Are they really paying for this data in order to be able to pay for more care that patients would not be receiving except for the wisdom of the insurers in identifying the medical needs of their clients and then arranging for additional care?
When you listen to the quarterly reports of the major health insurers, they boast about increased revenues, increased profits, and low medical loss ratios – the latter being important because it shows that they are being successful in limiting the amount of health care that they pay for. That seems to be the opposite of their avowed use of these massive pools of data to obtain more care for their clients.

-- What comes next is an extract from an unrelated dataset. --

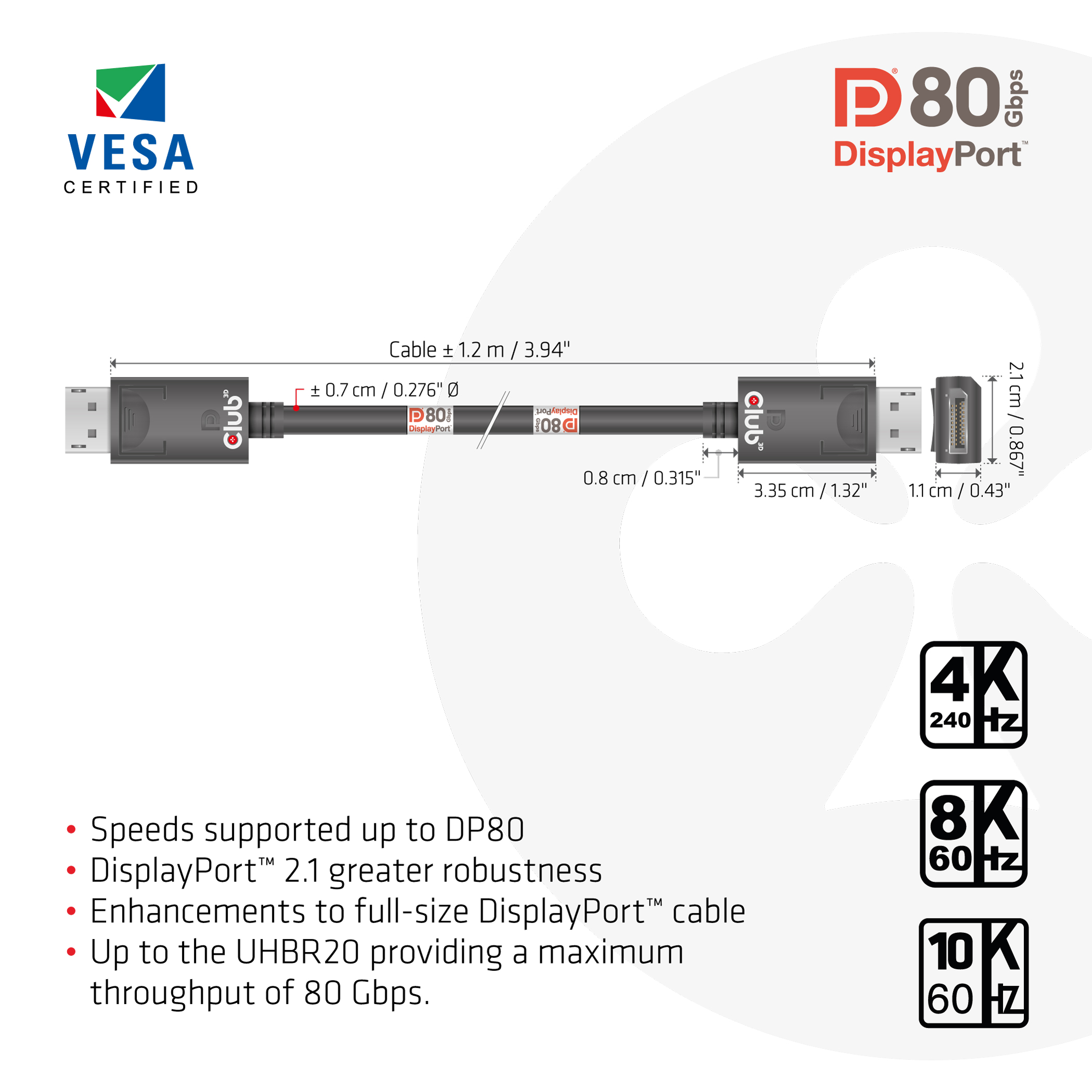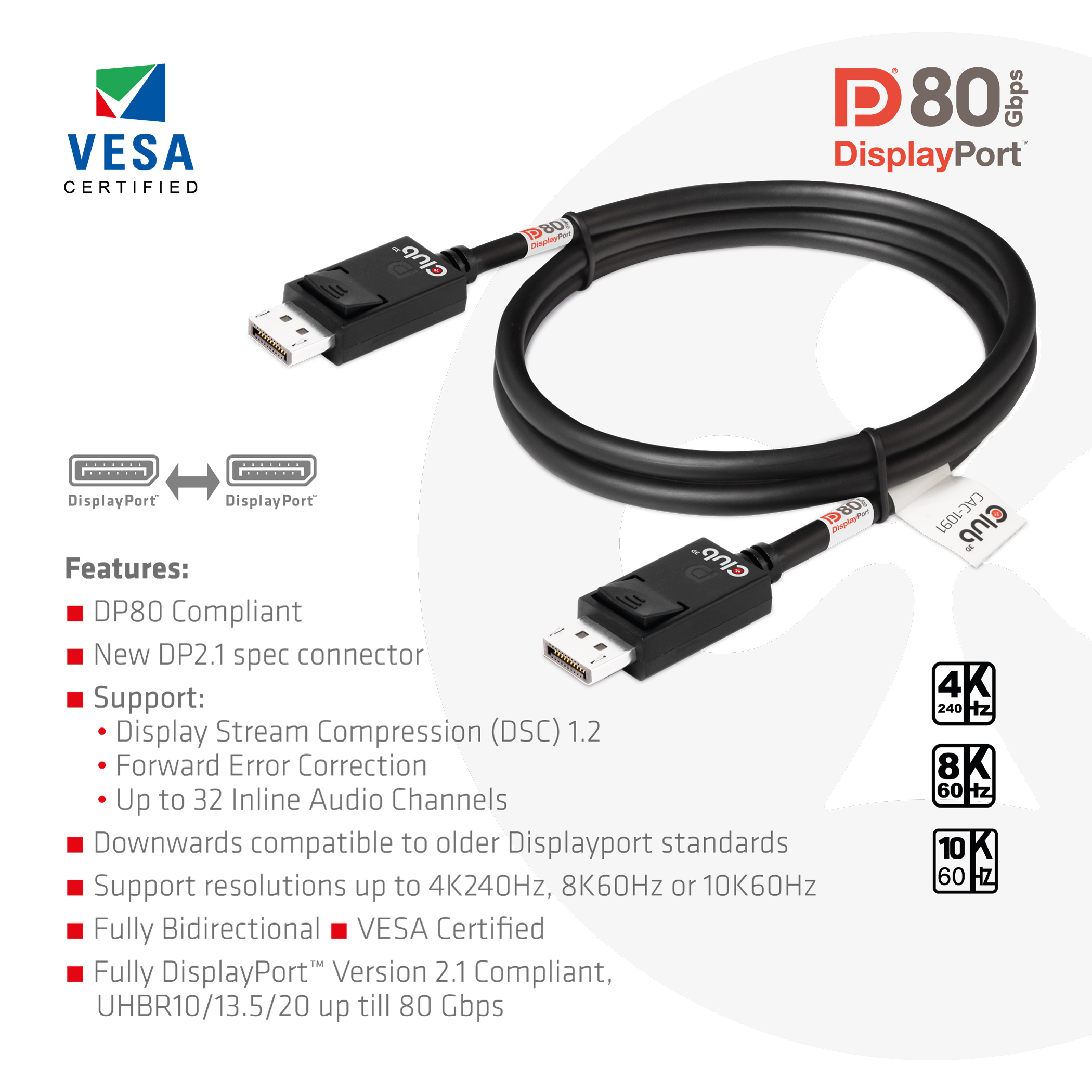 Das Club 3D CAC-1091 DisplayPort 2.1 Kabel ermöglicht die Verbindung Ihres DisplayPort-unterstützten (Gaming-) PCs oder Laptops mit einem (Ultra-) High Resolution Monitor oder einem anderen DisplayPort-unterstützten Gerät. DisplayPort 2.1 UHBR10/13.5/20 mit einem effektiven Durchsatz von bis zu 80 Gbit/sbietet außerdem Unterstützung für Display Stream Compression 1.2 (DSC), Forward Error Correction und erweitert die maximale Anzahl der Inline-Audiokanäle

Furthermore, when the United States is already infamous for its profoundly wasteful administrative excesses in health care, doesn’t it seem illogical that we would expand these excesses through this superfluous, massive data management?
The full ProPublica article is quite long, but it is worth reading if you wish to understand more details about this nefarious mismanagement of our personal data.
If we had a single payer, improved Medicare for all, would our public stewards be accessing this massive amount of data in order to stratify the needs of various sectors of patients, avoiding those with greater needs? Of course not. The system would be designed to serve all patients well, including those with the greatest needs. The sooner we get rid of the private insurers, the better.